Rifampin

Links

Drug Name

Rifampin is a semisynthetic antibiotic belonging to the rifamycin class. The drug binds within bacterial RNA polymerase and sterically blocks the extension of 2-3 nucleotide RNA products. Rifampin has bactericidal activity against gram-positive and gram-negative bacteria. It is a first-line drug in combination therapy to treat Mycobacterium tuberculosis infections (Campbell et al., 2001).

Table 1. Basic profile of rifampin.

Description Broad-spectrum rifamycin antibiotic
Target(s) RNA polymerase
Generic Rifampin
Commercial Name RIFADIN
Combination Drug(s) Isoniazid, pyrazinamide, ethambutol, streptomycin
Other Synonyms Rifampicin
IUPAC Name [(7S,9E,11S,12R,13S,14R,15R,16R,17S,18S,19E,21Z)-2,15,17,27,29-pentahydroxy-11-methoxy-3,7,12,14,16,18,22-heptamethyl-26-[(E)-(4-methylpiperazin-1-yl)iminomethyl]-6,23-dioxo-8,30-dioxa-24-azatetracyclo[23.3.1.14,7.05,28]triaconta-1(29),2,4,9,19,21,25,27-octaen-13-yl] acetate
Ligand Code in PDB RFP
PDB Structure 5uhb (Structure of Mycobacterium tuberculosis transcription initiation complex in complex with Rifampin)
ATC code J04AB02
Figure 1. 2D and 3D structures of Rifampin (PDB ligand code: RFP).

Antibiotic Chemistry

Rifampin, a semisynthetic derivative of rifamycin, is composed of a naphthol ring fused to an “ansa” bridge. It is a relatively apolar molecule.

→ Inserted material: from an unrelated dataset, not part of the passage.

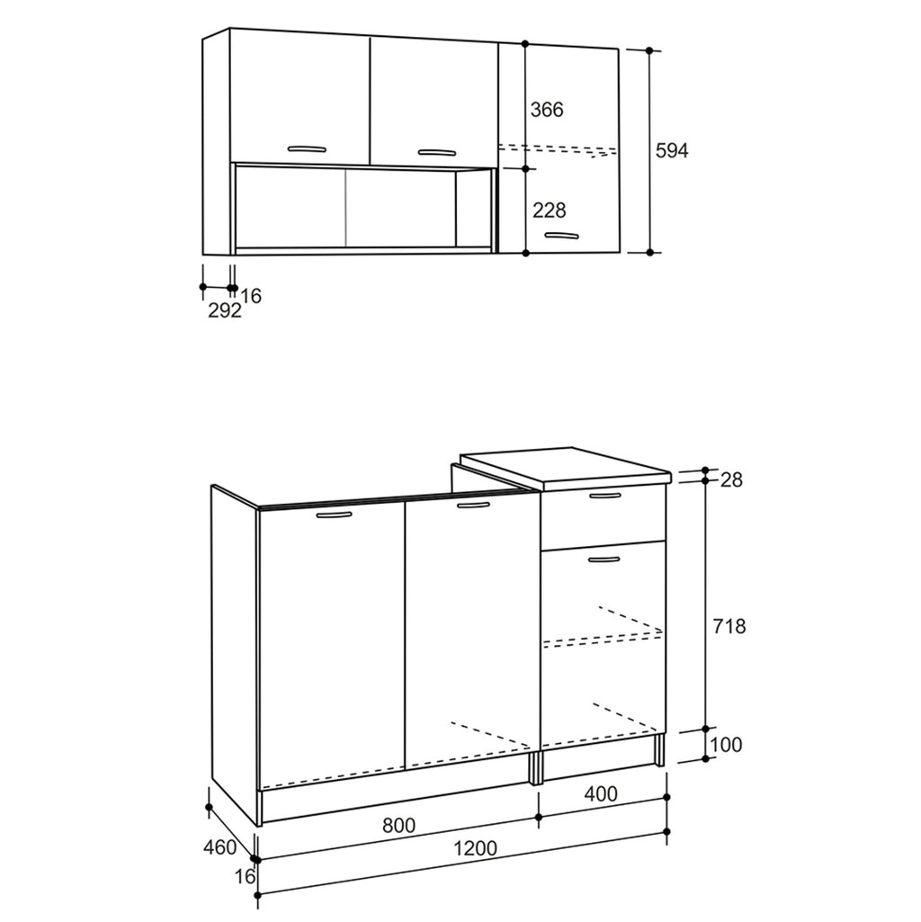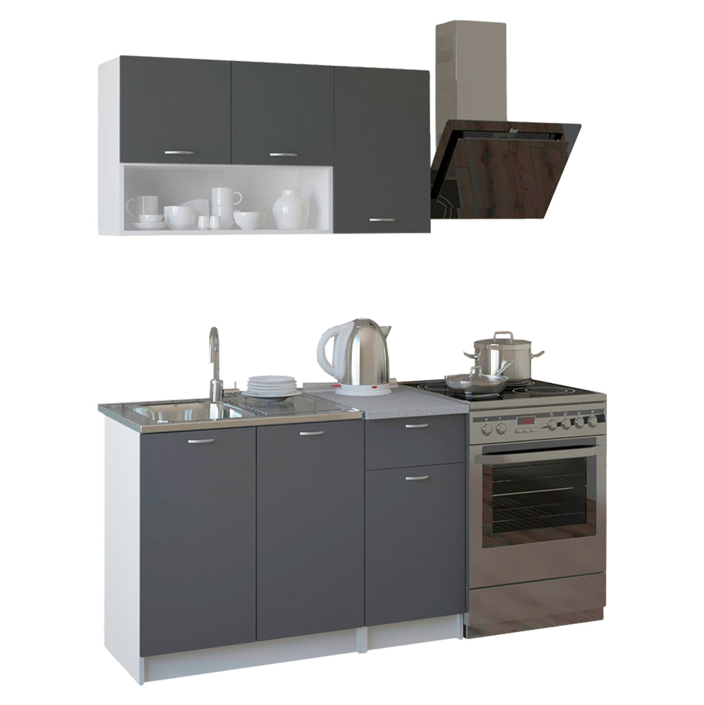 Σύνθεση Κουζίνας, σε απόχρωση γκρι - λευκό 120x46-29,2 εκ. Οι έτοιμες συνθέσεις κουζίνας καλύπτουν τις βασικές ανάγκες του χώρου σας, κυρίως αν χρειάζεστε μια μικρή κουζίνα με όλο τον απαραίτητο αποθηκευτικό χώρο. Αν αναζητάτε μια οικονομική λύση, σε μικρή, ευθεία κουζίνα, κατασκευασμένη από εξαιρετικής ποιότητας μελαμίνη, πάχους 16mm, με ανοιχτούς και κλειστούς αποθηκευτικούς χώρους, ντουλάπια, συρτάρι, στα οποία μπορείτε να αποθηκεύσετε όλα τα είδη σερβιρίσματος, μαχαιροπήρουνα και τα σκεύη κουζίνας, τότε έχετε βρει το κατάλληλο προϊόν. Το προϊόν αποτελεί μια ιδανική πρόταση για ενοικιαζόμενα δωμάτια, ξενοδοχεία, γραφεία, επαγγελματικούς χώρους και φοιτητικές ή εξοχικές κατοικίες. Γενικές διαστάσεις επιτοίχιας μονάδας: 120x29,2x59,4Υ εκ. Ύψος ανοιχτών αποθηκευτικών χώρων: 22,8Υ εκ. Ύψος ντουλαπιών: 36,6-59,4Υ εκ. Γενικές διαστάσεις επιδαπέδιας μονάδας: 120x46x84,6Υ εκ. Διαστάσεις διπλού ντουλαπιού: 80x46x71,8Υ εκ. Διαστάσεις μονού ντουλαπιού και συρταριέρας: 40x46x71,8Υ εκ. Ύψος μπάζας: 10 εκ. Ο πάγκος του μονού ντουλαπιού συμπεριλαμβάνεται. Διαστάσεις πάγκου: 40x60x2,8 εκ. Πάχος μελαμίνης: 16 mm. Ευρωπαϊκής προέλευσης και κατασκευής * Δεν συμπεριλαμβάνονται οι ηλεκτρικές συσκευές, ο νεροχύτης και τα σκεύη κουζίνας. * Προτείνεται νεροχύτης επικαθήμενος 80x60 εκ. * Τα ντουλάπια έχουν την δυνατότητα να προσαρμοστούν σύμφωνα με τις ανάγκες του κάθε πελάτη.

Figure 2. Chemical structure of rifampin. Key chemical groups are colored and labeled. Structure created using ChemDraw.
Figure 2. Chemical structure of rifampin. Key chemical groups are colored and labeled. Structure created using ChemDraw.

Drug Information

Table 2. Chemical and physical properties (DrugBank).

Chemical Formula C43H58N4O12
Molecular Weight 822.94 g/mol
Calculated Predicted Partition Coefficient: cLogP 2.7
Calculated Predicted Aqueous Solubility: cLogS -4.8
Solubility (in water) 1.4 mg/mL
Predicted Topological Polar Surface Area (TPSA) 220.15 Å2

Drug Target

Transcription is the process by which an RNA molecule is synthesized from a DNA template by the enzyme RNA polymerase (RNAP). It is targeted by two classes of antibacterial agents: rifamycins, and lipiarmycins. (fidaxomicin). Rifampin binds to a site in the RNAP β subunit immediately adjacent to the RNAP active center and sterically blocks the extension of short RNA products (Ho et al., 2009).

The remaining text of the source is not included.